Take the listing below and output it exactly, with no images.

— Supplied data —
=-=-=
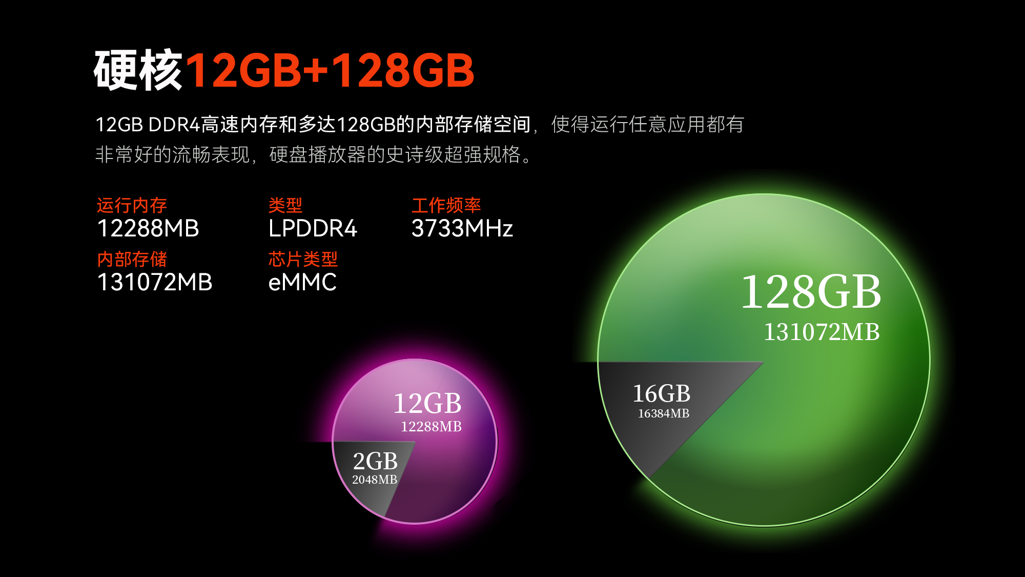 √ 八核ARM-A73极高性能CPU及多核G52 GPU ,12GB DDR4运行内存+128GB内部存储空间,带来超乎想象的整机性能和视频表现;
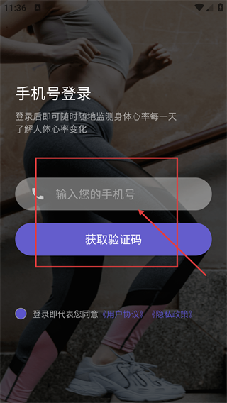 1. 在【手机号登录】页面,填入手机号后点击【获取验证码】,就能获取验证信息。此应用主要聚焦于心率监测以及运动相关功能。
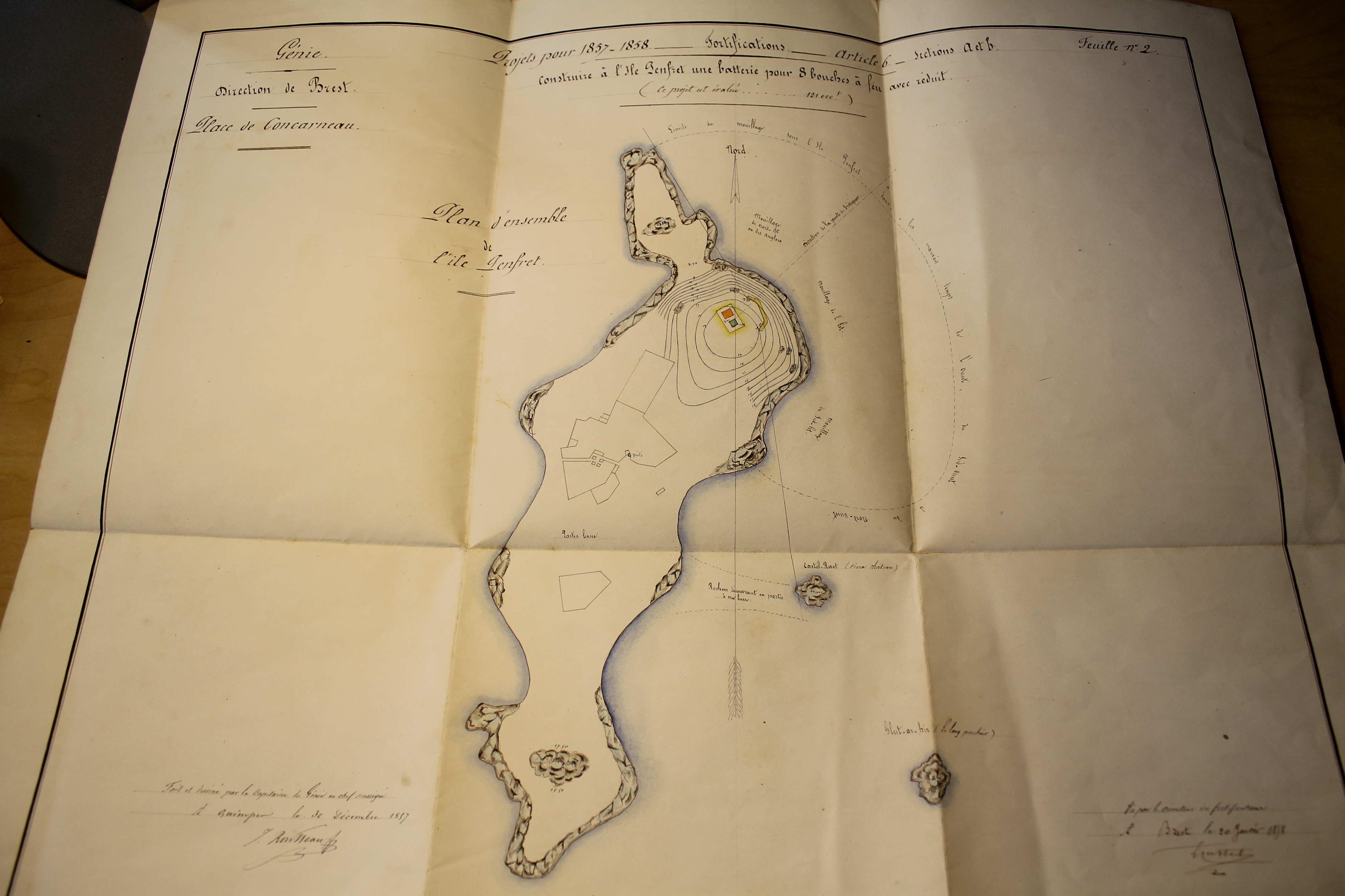 Construire à l'île Penfret une batterie pour 8 bouches à feu avec réduit, signé par le capitaine du génie en chef, Rousseau, le 30 décembre 1857Immatriculation
=-=-=
— Answer below —
 √ 八核ARM-A73极高性能CPU及多核G52 GPU ,12GB DDR4运行内存+128GB内部存储空间,带来超乎想象的整机性能和视频表现;
 1. 在【手机号登录】页面,填入手机号后点击【获取验证码】,就能获取验证信息。此应用主要聚焦于心率监测以及运动相关功能。
 Construire à l'île Penfret une batterie pour 8 bouches à feu avec réduit, signé par le capitaine du génie en chef, Rousseau, le 30 décembre 1857Immatriculation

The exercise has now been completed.